Work item. Of the lines in the data below, write out exactly those from the one holding "FORMULATED FOR THE" through the one holding "隨后,在宣誓廳,全體黨員重溫", both included.

Source data.
== == ==

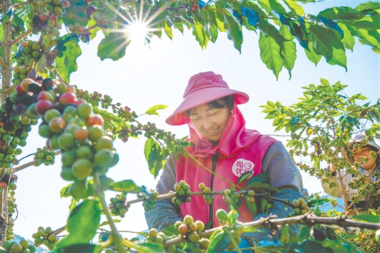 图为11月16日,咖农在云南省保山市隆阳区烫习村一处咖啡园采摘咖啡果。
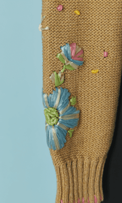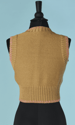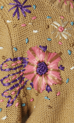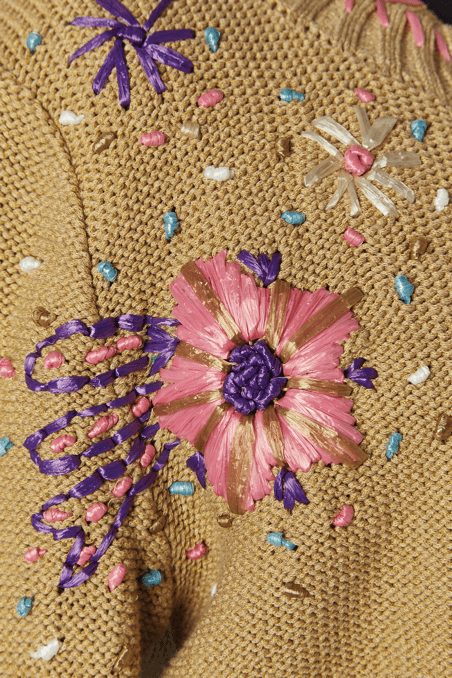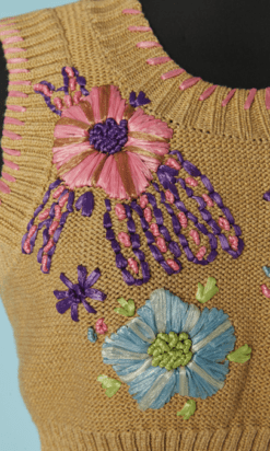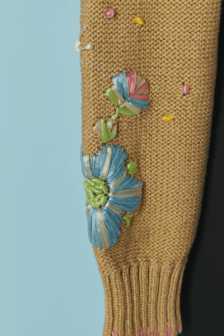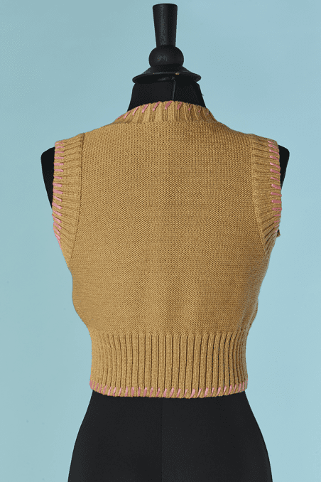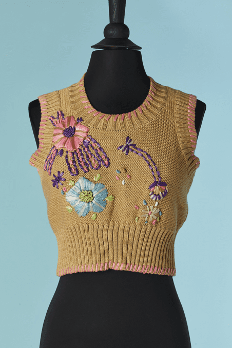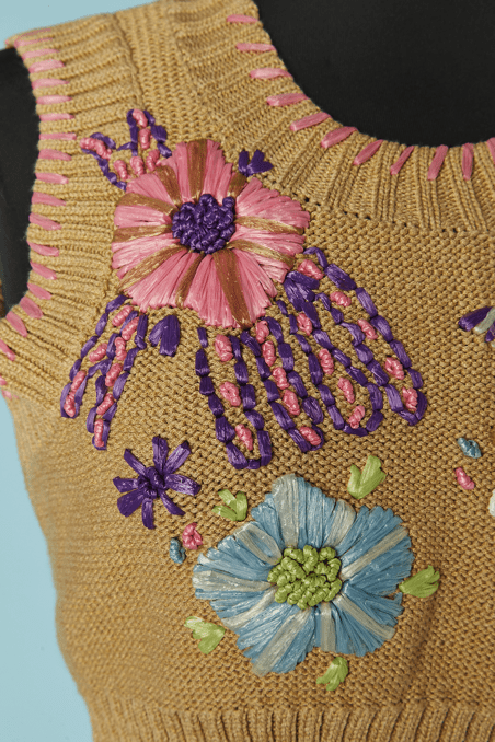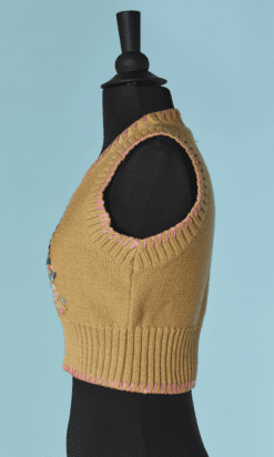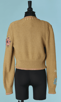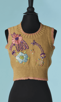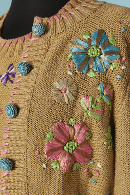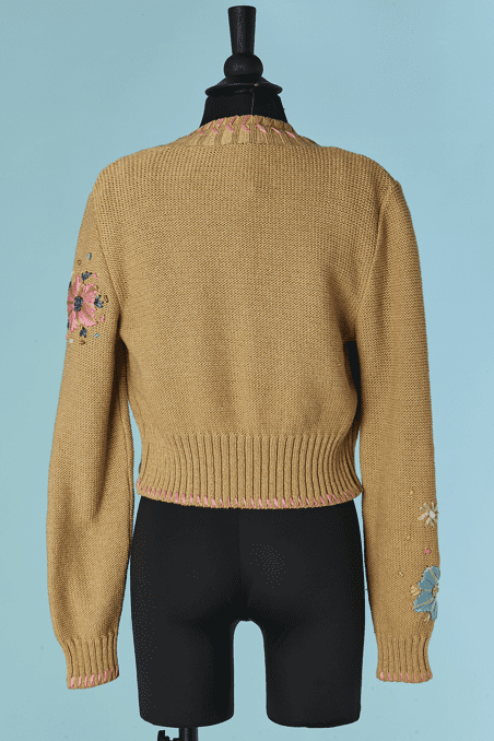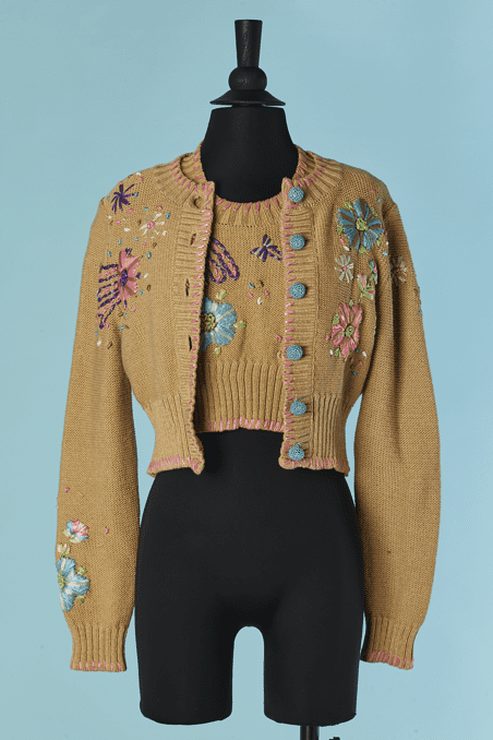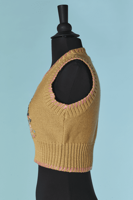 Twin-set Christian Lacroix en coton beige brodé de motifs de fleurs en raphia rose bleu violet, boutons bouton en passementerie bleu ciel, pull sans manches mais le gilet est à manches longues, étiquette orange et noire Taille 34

== == ==

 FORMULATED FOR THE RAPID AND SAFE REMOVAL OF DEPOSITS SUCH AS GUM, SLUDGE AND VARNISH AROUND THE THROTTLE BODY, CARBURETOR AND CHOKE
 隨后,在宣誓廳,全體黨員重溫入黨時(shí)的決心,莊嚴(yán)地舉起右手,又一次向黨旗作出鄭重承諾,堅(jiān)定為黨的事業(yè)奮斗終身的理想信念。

== == ==

Result of the exercise.
 FORMULATED FOR THE RAPID AND SAFE REMOVAL OF DEPOSITS SUCH AS GUM, SLUDGE AND VARNISH AROUND THE THROTTLE BODY, CARBURETOR AND CHOKE
 隨后,在宣誓廳,全體黨員重溫入黨時(shí)的決心,莊嚴(yán)地舉起右手,又一次向黨旗作出鄭重承諾,堅(jiān)定為黨的事業(yè)奮斗終身的理想信念。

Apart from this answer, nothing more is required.